When I first set my favorite radio stations I didn't do them in frequency order and it bugged me but I just left it alone. With the newest firmware update all my presets actually flip-flopped from the order I had become familiar with and then it REALLY bugged me. Being the guy who likes everything in order this just would not work. I had 12 preset stations and no way I could remember them all so here is my quick fix:

1. Take a quick cell phone pic of all pre-sets
2. Delete all of them (press and hold until you see the "x"......this will not work in full screen mode)
3. Start with the highest frequency first and favorite them again in order
4. Now, they are all in order, right to left, lowest freq to highest
5. Life is all better now and the universe is happy!


----------



## Rich M (Jul 28, 2017)

Great minds think alike  though I went for the more traditional writing down instead of cell phone pic. The audio controls definitely need to be a bit easier to use.

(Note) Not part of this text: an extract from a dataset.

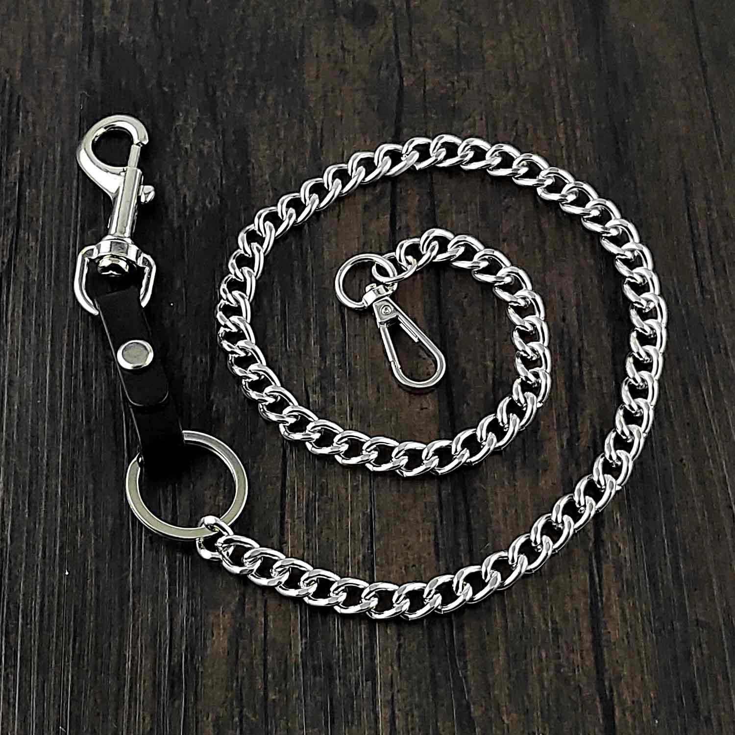 Badass Leather Silver Long Leather Biker Chain Trendy Pants Chain Wallet Chain For Men

https://teslaownersonline.com/threa...ng-from-your-model-3.6056/page-10#post-112374


----------



## skygraff (Jun 2, 2017)

Not to burst a supremely ordered bubble, but, unfortunately, the software has a tendency to reorder them, on its own, from highest to lowest. Happens with resets, updates, and just randomly for me.

If that’s been fixed, I’m very happy!

By the way, you can reorder them by unfavoriting the and refavoriting them one at a time starting with the one you want to end up furthest to the right (in other words you don’t have to delete them all and start over). I gave up on that exercise the third time they reordered themselves.


----------



## 3V Pilot (Sep 15, 2017)

Rich M said:


> Great minds think alike  though I went for the more traditional writing down instead of cell phone pic. The audio controls definitely need to be a bit easier to use.
> View attachment 12983
> https://teslaownersonline.com/threa...ng-from-your-model-3.6056/page-10#post-112374


Ya know, I figured that somebody already posted this info but I couldn't find it with a search and thought it might help someone if it had a thread. Not that it's hard to figure out how to do it but I know too many people who are, lets say, "Technologically Challenged".....


----------



## Beagle (May 10, 2018)

The thing that bugs us is that the car generally, not always, decides to wake up with a random station, not the one it went to sleep with. As a car for a married couple it isn't supposed to do this.


----------